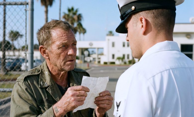 The sun was sinking over Coronado Naval Base when two security guards stepped forward and blocked the entrance to the graduation hall. The man standing in front of them wore a torn, salt-stained jacket that carried the smell of ocean water and concrete dust. His hands—scarred, rough, and trembling—held up a wrinkled invitation with his son’s name on it.
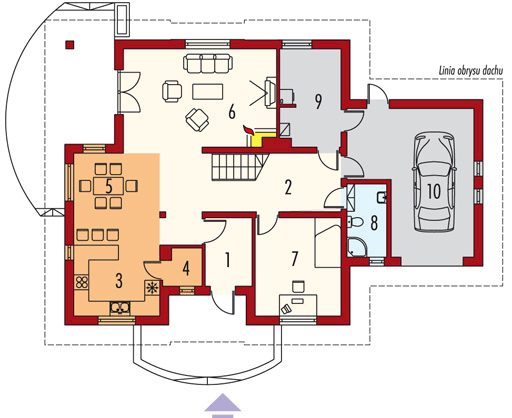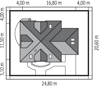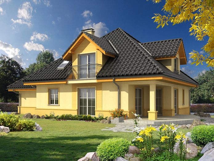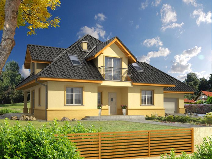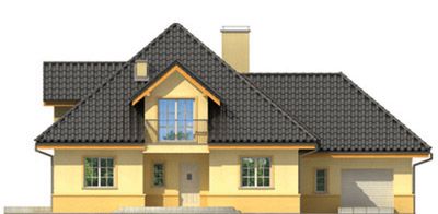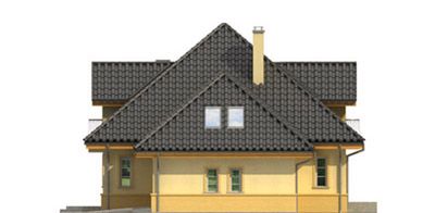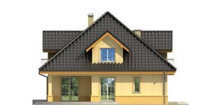 Graficzne opracowanie rzutów poglądowych widocznych na karcie projektu zostało wykonane przez Extradom.pl. Prezentowane przez Extradom.pl wizualizacje wykonane zostały przez autora projektu i należy poczytywać je jedynie za przykład i propozycję wykończenia, wizję architektoniczną autora projektu. Ostateczne wykończenie budynku może nastąpić na wiele sposobów. Szczegółowe rozwiązania zastosowane w oferowanej dokumentacji - w tym również ilość, lokalizacje i wygląd okien, drzwi, kominów - mogą w niewielkim stopniu różnić się od prezentowanej wizualizacji budynku.
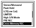 - Для выключения функции Cross-Memory REC выберите [OFF] в пункте 2.
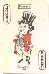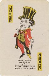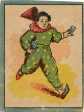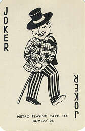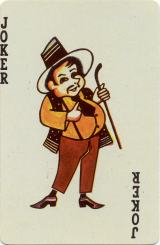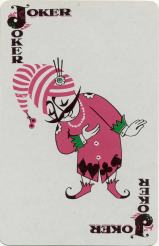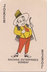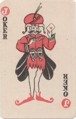 These last 2 jokers don't fit in, we know, but they are too cute to leave out. They come from an educational deck of cards (made in India ca. 1945), with suits and denominations, but also with a special object drawn on each card, together with the Singhalese (?) word for that object. The decks were hand cut and that shows.........
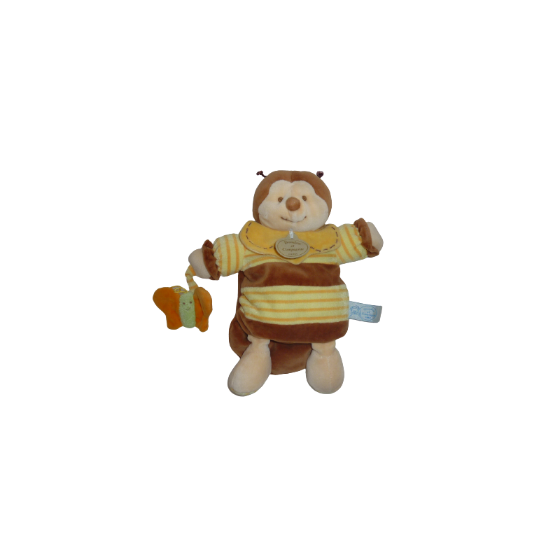 Doudou marionnette bourdon 27 cm environ, tient un papillon bruissant, marron jaune. Etat : Comme neuf (étiquette d'informations coupée). DOUDOU DIFFICILE A TROUVER.
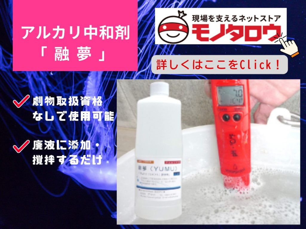 - 建設業(セメント系排水): 建築現場やコンクリート製品工場から出る排水は、pH11~12以上の強アルカリ性になることが知られています。セメントやコンクリートから水酸化カルシウム等が溶出するためで、放流するには確実な酸による中和が必要です。従来、このようなアルカリ排水には希塩酸や硫酸を用いて中和する方法が一般的でした。しかし建設現場では危険物の取り扱い資格を持った作業員がいない場合も多く、劇物に該当する強酸を現場で使うことが難しい課題がありました。そこで近年注目されているのが、有機酸ベースの中和剤や炭酸ガス中和装置です。たとえばアクト社が開発した融夢(YUMU)は主成分が有機酸で劇物に当たらない中和剤であり、セメント洗浄水などの中和に最適です。劇物ではないため誰でも扱え、専用設備も不要で既存の撹拌槽さえあれば短時間で効率的にpHを下げられます。実際にコンクリート工事現場で、硫酸の代替として融夢を投入したところ、わずかな量で大量の高pH排水を中和でき、作業時間の短縮と薬品コスト削減に大きく貢献した例があります。一方、土木工事では炭酸ガスを用いたCO₂中和装置をレンタル設置し、ポンプと拡散管でCO₂を溶解させてpH調整する手法も普及しています。こちらは高価な強酸を使用せずに済むこと、及びpH値を過剰に酸性側へ振りにくい安全性から、トンネル工事などで採用例があります。建設業の排水は一時的・局所的な発生が多いため、扱いやすさと即効性、コストのバランスで薬剤や装置を選定することになります。
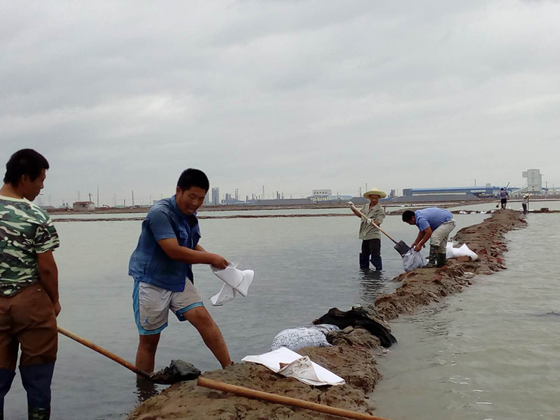 災(zāi)情發(fā)生后,公司立即啟動防汛應(yīng)急預(yù)案,迅速組織干部職工開展生產(chǎn)自救,積極做好救災(zāi)抗災(zāi)工作,確保公司財產(chǎn)、人員安全。整個防汛抗災(zāi)過程中,一線干部職工發(fā)揚“戰(zhàn)天斗地”的滄鹽精神,眾志成城、嚴防死守、抗災(zāi)搶險,采取外堵(堵住外圍水不進場區(qū))、下疏(重新開通入海泄洪口3處)、內(nèi)保(保住駁鹽溝、導(dǎo)水路護灘埝不決口)的有效措施,先后排除各類險情245處,最終奪取了抗災(zāi)保產(chǎn)的階段性勝利。
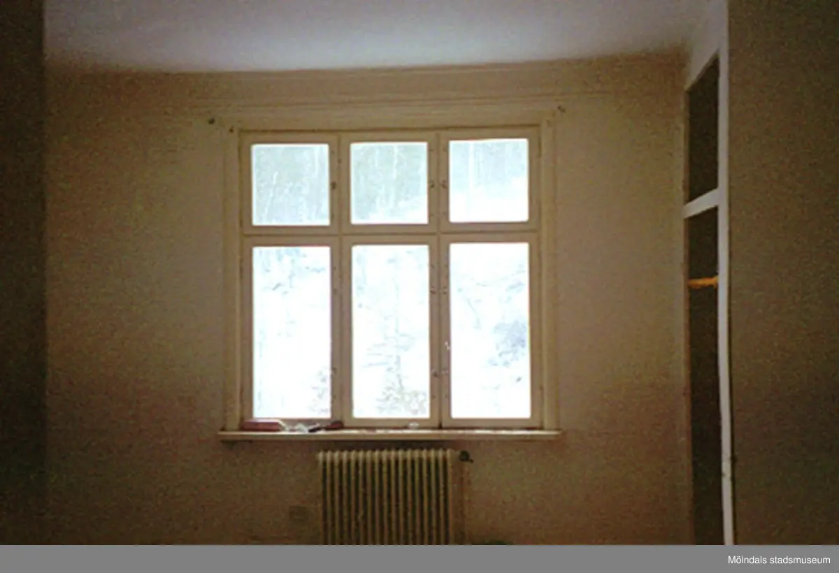 Fönster med ett element under i Villa Solbacken i Krokslätt, januari 1995.
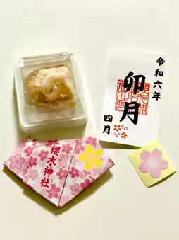 A set of seasonal sweets, goshuin, and fortune-telling slips.
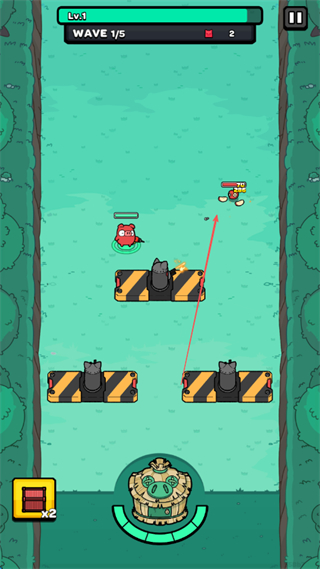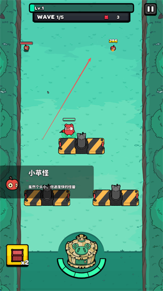 2、操控炮台攻击来袭的小苹怪,削减怪物数量,推进WAVE1/5进度。
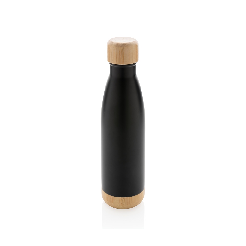 Roostevabast terasest vaakumpudel bambusest kaane ja põhjaga, must
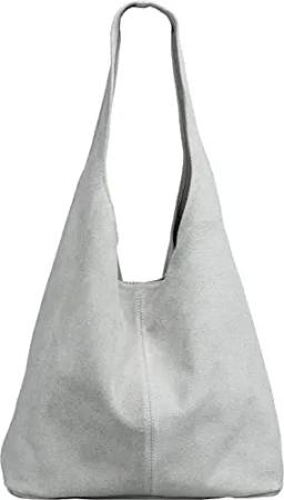 große Damen Wildleder Tasche Hobo Bag Shopper - CLASSIC LINE - Modell No.767 - Made in Italy, Farbe:hell grau, Größe:One Size
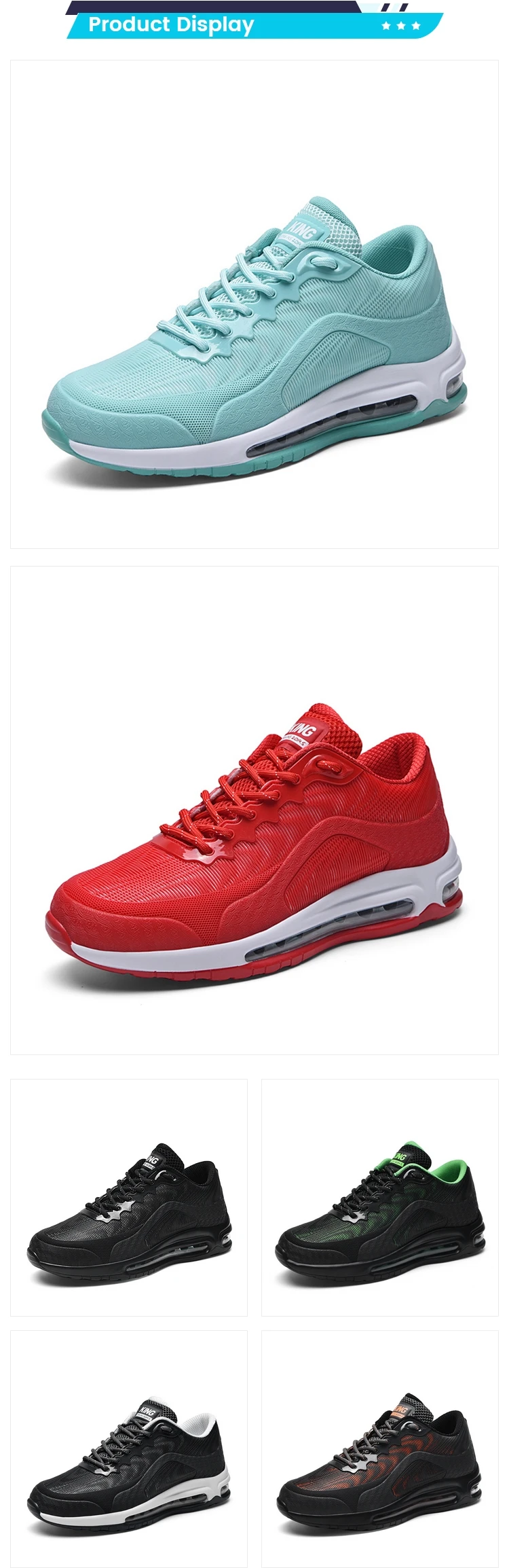 Mint green,black/green,black/grey.red,grey/white,orange/black
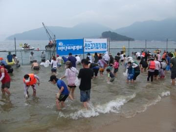 구조라 해수욕장에서 할 수 있는 익사이팅 워터파이트와 맨손고기잡이도 여름의 더위를 한껏 날려보낼 수 있는 체험입니다. 넓게 펼쳐진 모래밭에서 서로 물총을 쏘고 쏘다 보면 옷과 몸은 흠씬 젖어도 상쾌한 기분을 맛볼 수 있습니다. 한편 맨손고기잡이는 그물망을 쳐놓은 바다에서 각종 바다생선을 잡아올리는 체험입니다. 두 손에 목장갑을 장착하면 준비 끝! 미끈하게 빠져나가려 애를 쓰는 물고기를 잡으려면 물고기가 있는 곳을 헤집는게 아니라 물고기가 가려는 방향을 손으로 붙잡는 거라는 팁도 전해드립니다.
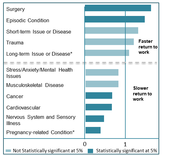 - Figure 11: Speed of return to work by type of illness or injury
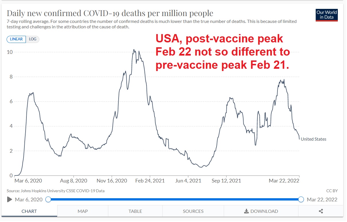 The chart below shows deaths in the USA. It doesn’t look like the vaccines made much difference.
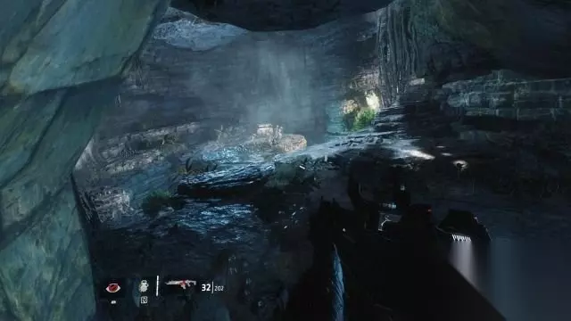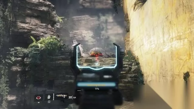 step7.在瀑布岩洞上方会有使用长弓的机械兵攻击Cooper。 从刚才四名守卫身旁的武器箱取出长弓,长弓是轻狙,爆头的话铁驭会毙命的,但打在身上需要两枪才能杀敌。 借助岩洞墙壁作为掩体对上方的机械兵进行爆头,第二批机枪兵是使用步枪,它们会主动跳下来,这时候清理掉它们即可。
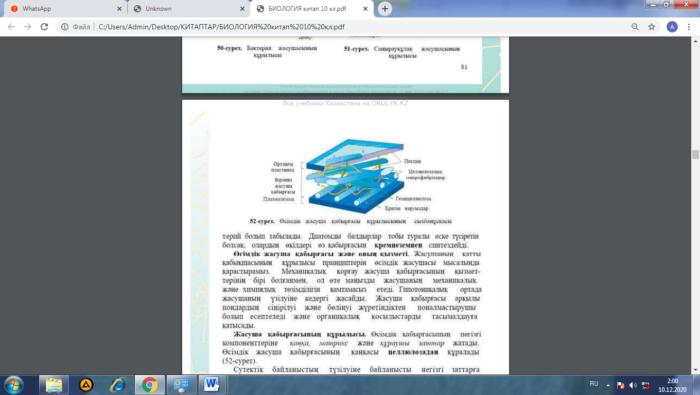Дескриптор: Жалпы - 3 балл 1.Жасуша органойдтарын түрлерін біледі 2. Жасуша органойдтарының қызметін ажыратады. 3.Жасуша қабырғасының құрылысын түсінеді. |

****************

__TASK DETAILS__. Return only the lines running from the top of the data to the line that holds "- Для выключения". Include both of those lines, but skip the pictures.

__WRITTEN REPLY__.
 The sun was sinking over Coronado Naval Base when two security guards stepped forward and blocked the entrance to the graduation hall. The man standing in front of them wore a torn, salt-stained jacket that carried the smell of ocean water and concrete dust. His hands—scarred, rough, and trembling—held up a wrinkled invitation with his son’s name on it.
 Graficzne opracowanie rzutów poglądowych widocznych na karcie projektu zostało wykonane przez Extradom.pl. Prezentowane przez Extradom.pl wizualizacje wykonane zostały przez autora projektu i należy poczytywać je jedynie za przykład i propozycję wykończenia, wizję architektoniczną autora projektu. Ostateczne wykończenie budynku może nastąpić na wiele sposobów. Szczegółowe rozwiązania zastosowane w oferowanej dokumentacji - w tym również ilość, lokalizacje i wygląd okien, drzwi, kominów - mogą w niewielkim stopniu różnić się od prezentowanej wizualizacji budynku.
 - Для выключения функции Cross-Memory REC выберите [OFF] в пункте 2.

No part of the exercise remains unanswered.